═════ RECORDS SHOWN ═════
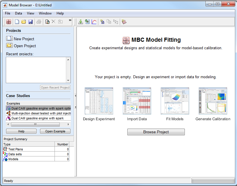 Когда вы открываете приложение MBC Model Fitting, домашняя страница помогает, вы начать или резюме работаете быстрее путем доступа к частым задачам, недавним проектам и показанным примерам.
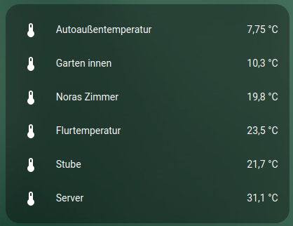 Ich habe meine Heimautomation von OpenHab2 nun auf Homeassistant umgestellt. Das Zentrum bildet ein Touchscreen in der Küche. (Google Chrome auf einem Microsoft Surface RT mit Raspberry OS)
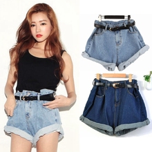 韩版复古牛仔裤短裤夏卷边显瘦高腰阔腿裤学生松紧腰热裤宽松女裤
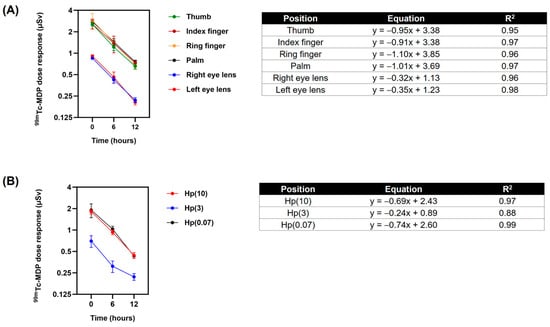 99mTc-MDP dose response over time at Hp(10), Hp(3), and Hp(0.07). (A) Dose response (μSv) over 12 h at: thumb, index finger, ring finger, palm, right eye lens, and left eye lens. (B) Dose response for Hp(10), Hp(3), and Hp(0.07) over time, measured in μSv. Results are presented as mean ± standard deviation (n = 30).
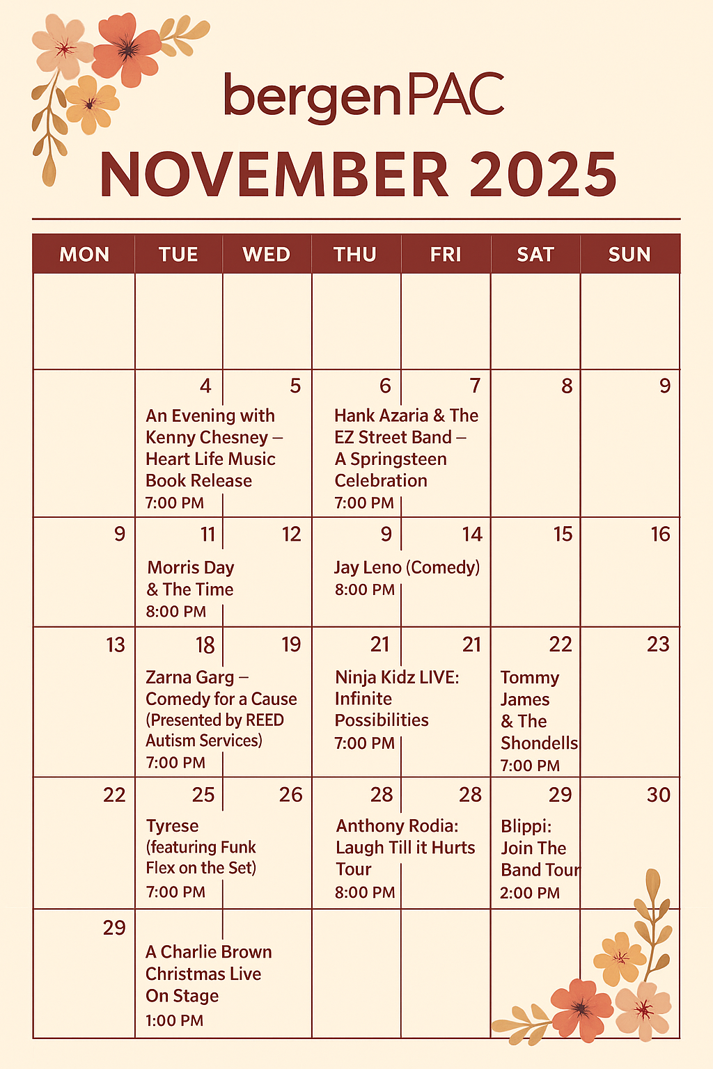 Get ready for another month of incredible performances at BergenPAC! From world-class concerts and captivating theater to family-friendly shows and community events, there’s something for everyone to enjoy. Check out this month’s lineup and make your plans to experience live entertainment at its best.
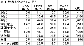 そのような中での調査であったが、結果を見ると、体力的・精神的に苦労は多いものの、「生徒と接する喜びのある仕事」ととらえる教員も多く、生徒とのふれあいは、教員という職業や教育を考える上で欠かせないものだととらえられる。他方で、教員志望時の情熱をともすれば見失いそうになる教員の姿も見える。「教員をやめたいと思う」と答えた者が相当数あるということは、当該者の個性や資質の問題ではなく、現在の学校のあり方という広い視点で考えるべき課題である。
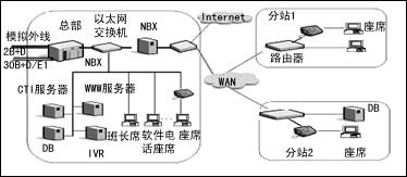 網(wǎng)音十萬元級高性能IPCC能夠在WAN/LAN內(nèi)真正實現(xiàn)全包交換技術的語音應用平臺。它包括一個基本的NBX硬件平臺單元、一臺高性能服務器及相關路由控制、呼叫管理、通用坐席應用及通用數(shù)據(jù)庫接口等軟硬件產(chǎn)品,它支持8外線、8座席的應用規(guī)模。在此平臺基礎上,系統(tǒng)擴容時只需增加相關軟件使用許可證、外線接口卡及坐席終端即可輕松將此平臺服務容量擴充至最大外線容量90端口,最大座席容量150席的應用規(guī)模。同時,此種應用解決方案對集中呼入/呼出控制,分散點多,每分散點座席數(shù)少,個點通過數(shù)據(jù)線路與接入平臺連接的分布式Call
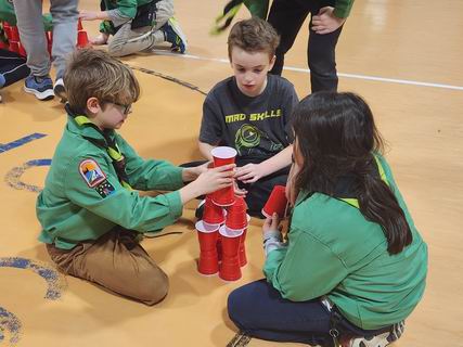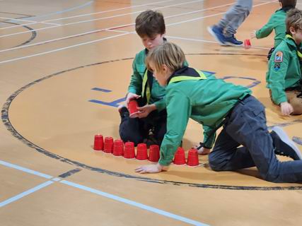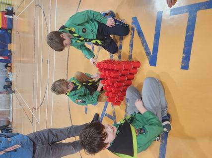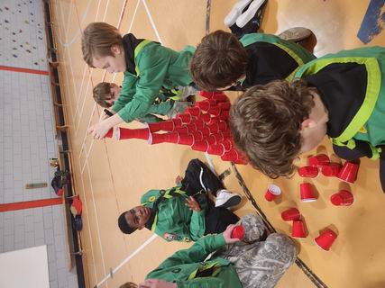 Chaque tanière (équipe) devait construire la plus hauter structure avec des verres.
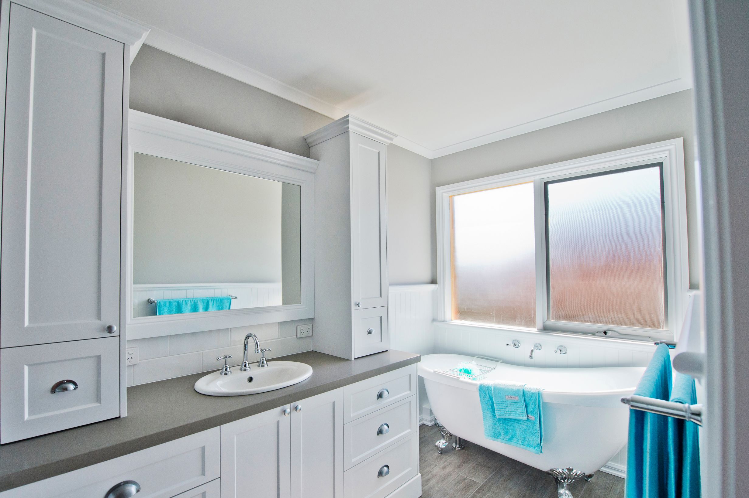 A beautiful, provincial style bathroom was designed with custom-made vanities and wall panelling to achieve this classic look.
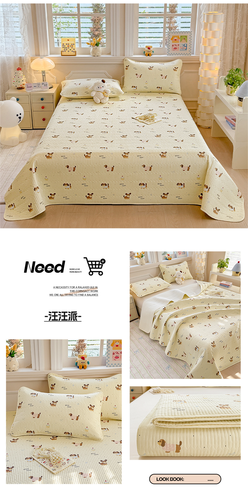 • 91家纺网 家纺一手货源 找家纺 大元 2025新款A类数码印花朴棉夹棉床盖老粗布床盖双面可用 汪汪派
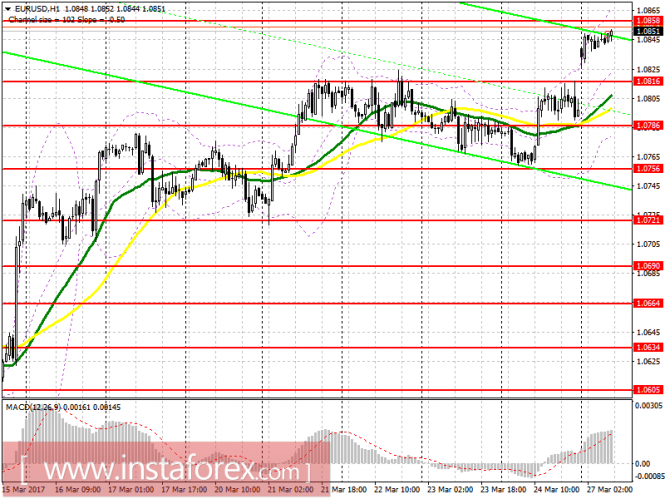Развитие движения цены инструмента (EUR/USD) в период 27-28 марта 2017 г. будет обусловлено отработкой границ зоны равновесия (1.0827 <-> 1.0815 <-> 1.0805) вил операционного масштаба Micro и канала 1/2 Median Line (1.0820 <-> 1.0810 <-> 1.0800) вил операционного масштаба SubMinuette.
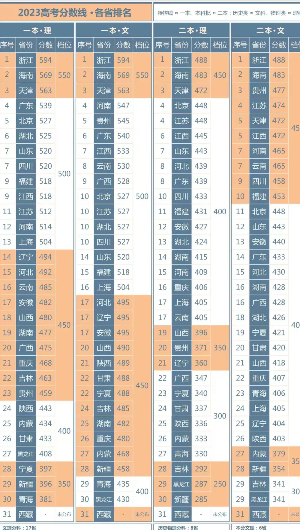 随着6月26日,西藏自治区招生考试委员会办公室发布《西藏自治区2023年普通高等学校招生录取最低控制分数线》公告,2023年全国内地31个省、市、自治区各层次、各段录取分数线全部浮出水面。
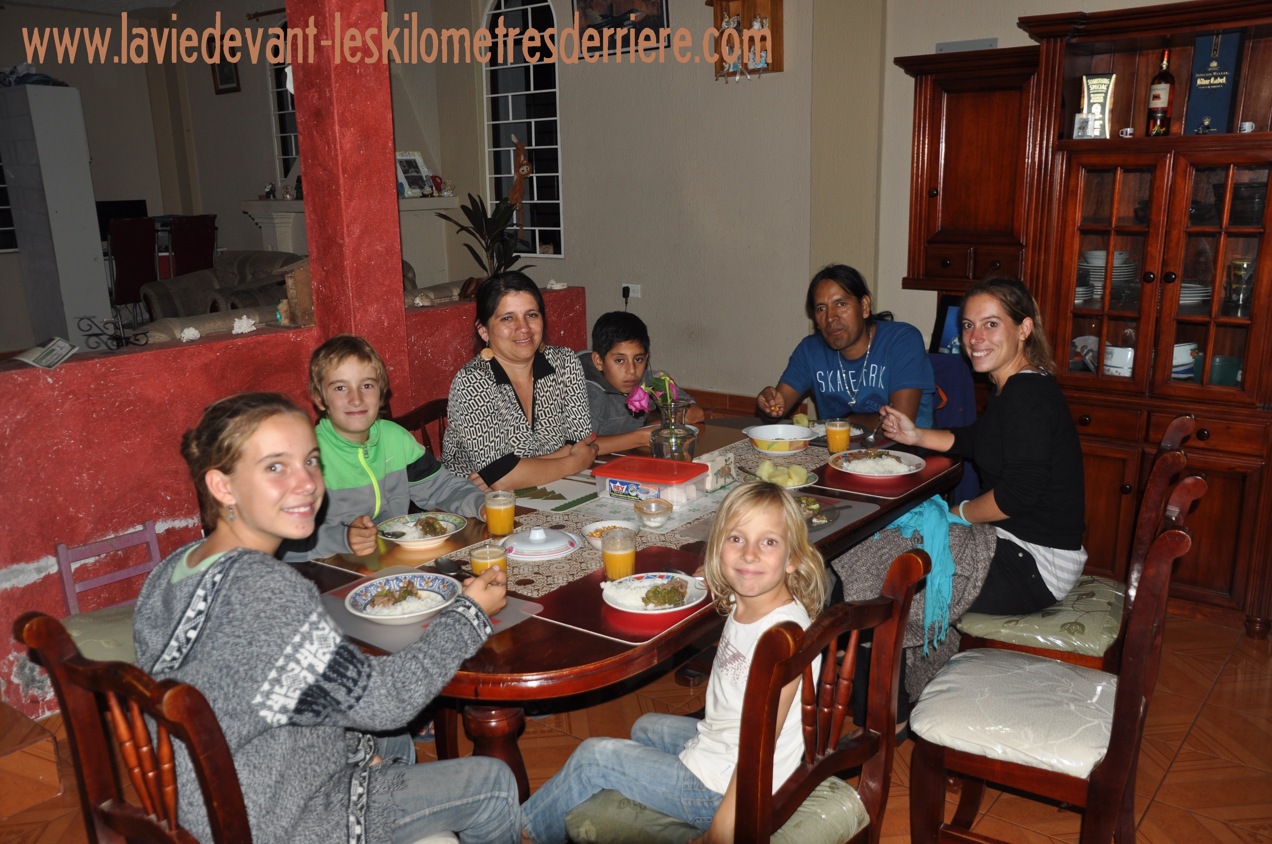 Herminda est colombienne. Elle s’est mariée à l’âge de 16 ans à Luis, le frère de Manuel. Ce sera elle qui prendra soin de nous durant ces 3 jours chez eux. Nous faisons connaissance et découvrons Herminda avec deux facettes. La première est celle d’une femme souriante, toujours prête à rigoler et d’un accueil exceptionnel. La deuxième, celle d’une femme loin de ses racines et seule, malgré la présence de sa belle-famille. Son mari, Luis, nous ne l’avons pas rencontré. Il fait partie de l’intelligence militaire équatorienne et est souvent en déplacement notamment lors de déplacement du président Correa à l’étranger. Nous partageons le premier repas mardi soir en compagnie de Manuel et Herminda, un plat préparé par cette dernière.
═════
## WHAT THE TASK ASKS:
Your copy of the records above should be exact and contain no pictures.

## PROBLEM SOLUTION:
 Когда вы открываете приложение MBC Model Fitting, домашняя страница помогает, вы начать или резюме работаете быстрее путем доступа к частым задачам, недавним проектам и показанным примерам.
 Ich habe meine Heimautomation von OpenHab2 nun auf Homeassistant umgestellt. Das Zentrum bildet ein Touchscreen in der Küche. (Google Chrome auf einem Microsoft Surface RT mit Raspberry OS)
 韩版复古牛仔裤短裤夏卷边显瘦高腰阔腿裤学生松紧腰热裤宽松女裤
 99mTc-MDP dose response over time at Hp(10), Hp(3), and Hp(0.07). (A) Dose response (μSv) over 12 h at: thumb, index finger, ring finger, palm, right eye lens, and left eye lens. (B) Dose response for Hp(10), Hp(3), and Hp(0.07) over time, measured in μSv. Results are presented as mean ± standard deviation (n = 30).
 Get ready for another month of incredible performances at BergenPAC! From world-class concerts and captivating theater to family-friendly shows and community events, there’s something for everyone to enjoy. Check out this month’s lineup and make your plans to experience live entertainment at its best.
 そのような中での調査であったが、結果を見ると、体力的・精神的に苦労は多いものの、「生徒と接する喜びのある仕事」ととらえる教員も多く、生徒とのふれあいは、教員という職業や教育を考える上で欠かせないものだととらえられる。他方で、教員志望時の情熱をともすれば見失いそうになる教員の姿も見える。「教員をやめたいと思う」と答えた者が相当数あるということは、当該者の個性や資質の問題ではなく、現在の学校のあり方という広い視点で考えるべき課題である。
 網(wǎng)音十萬元級高性能IPCC能夠在WAN/LAN內(nèi)真正實現(xiàn)全包交換技術的語音應用平臺。它包括一個基本的NBX硬件平臺單元、一臺高性能服務器及相關路由控制、呼叫管理、通用坐席應用及通用數(shù)據(jù)庫接口等軟硬件產(chǎn)品,它支持8外線、8座席的應用規(guī)模。在此平臺基礎上,系統(tǒng)擴容時只需增加相關軟件使用許可證、外線接口卡及坐席終端即可輕松將此平臺服務容量擴充至最大外線容量90端口,最大座席容量150席的應用規(guī)模。同時,此種應用解決方案對集中呼入/呼出控制,分散點多,每分散點座席數(shù)少,個點通過數(shù)據(jù)線路與接入平臺連接的分布式Call
 Chaque tanière (équipe) devait construire la plus hauter structure avec des verres.
 A beautiful, provincial style bathroom was designed with custom-made vanities and wall panelling to achieve this classic look.
 • 91家纺网 家纺一手货源 找家纺 大元 2025新款A类数码印花朴棉夹棉床盖老粗布床盖双面可用 汪汪派
Развитие движения цены инструмента (EUR/USD) в период 27-28 марта 2017 г. будет обусловлено отработкой границ зоны равновесия (1.0827 <-> 1.0815 <-> 1.0805) вил операционного масштаба Micro и канала 1/2 Median Line (1.0820 <-> 1.0810 <-> 1.0800) вил операционного масштаба SubMinuette.
 随着6月26日,西藏自治区招生考试委员会办公室发布《西藏自治区2023年普通高等学校招生录取最低控制分数线》公告,2023年全国内地31个省、市、自治区各层次、各段录取分数线全部浮出水面。
 Herminda est colombienne. Elle s’est mariée à l’âge de 16 ans à Luis, le frère de Manuel. Ce sera elle qui prendra soin de nous durant ces 3 jours chez eux. Nous faisons connaissance et découvrons Herminda avec deux facettes. La première est celle d’une femme souriante, toujours prête à rigoler et d’un accueil exceptionnel. La deuxième, celle d’une femme loin de ses racines et seule, malgré la présence de sa belle-famille. Son mari, Luis, nous ne l’avons pas rencontré. Il fait partie de l’intelligence militaire équatorienne et est souvent en déplacement notamment lors de déplacement du président Correa à l’étranger. Nous partageons le premier repas mardi soir en compagnie de Manuel et Herminda, un plat préparé par cette dernière.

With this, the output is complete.